3

Background

I'm building a regression model on insurance data to predict the losses associated with a policy. I'm running an Optuna optimisation function to help me with this, but I'm struggling with what metric to use to score the model. The metric defines the course of the optimisation, so I want to get it right.

The model I'm currently using is the LGBMRegressor, and the losses are approximately distributed via a gamma distribution.

So far I've used R^2, but I've read that's not a great goodness-of-fit metric.

Question

What metric should I use to score my regression model?

Connor
  • 625

1 Answers1

4

Use the (negative) likelihood of the distribution as your loss function. You can also turn it into a pseudo r2 for easier interpretability ( and negative likelihood is a 1:1 relation to pseudo r2).

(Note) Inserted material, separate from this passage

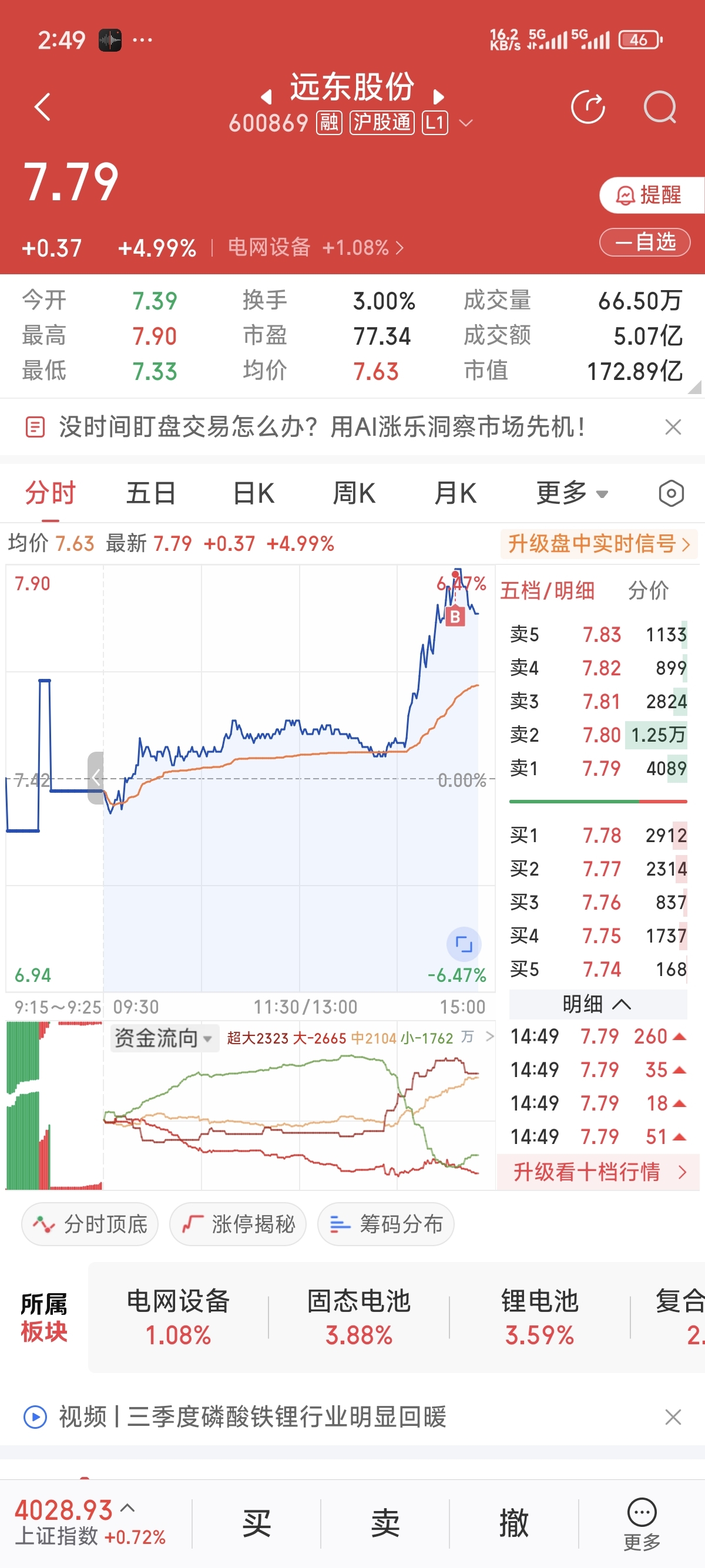 $远东股份(SH600869)$ 想赚钱,见去吧

I highly recommend xgboostlss / lightgbmlss for that regression task. https://github.com/StatMixedML/XGBoostLSS https://github.com/StatMixedML/LightGBMLSS

Somewhat related: Working in the field of insurance, I have my doubts that policies are gamma distributed without zero-inflation ( does every policy have a 100% chance to pay out >$0). If you actually do have 0 payout I recommend using zero inflated lognormal distributions (and loss). This is a popular choice in customer lifetime value modeling , and transfers very nicely to policy pricing. See here fir details and implementation ( including loss) https://github.com/google/lifetime_value

In xgboostlss world this is the ZALN distribution.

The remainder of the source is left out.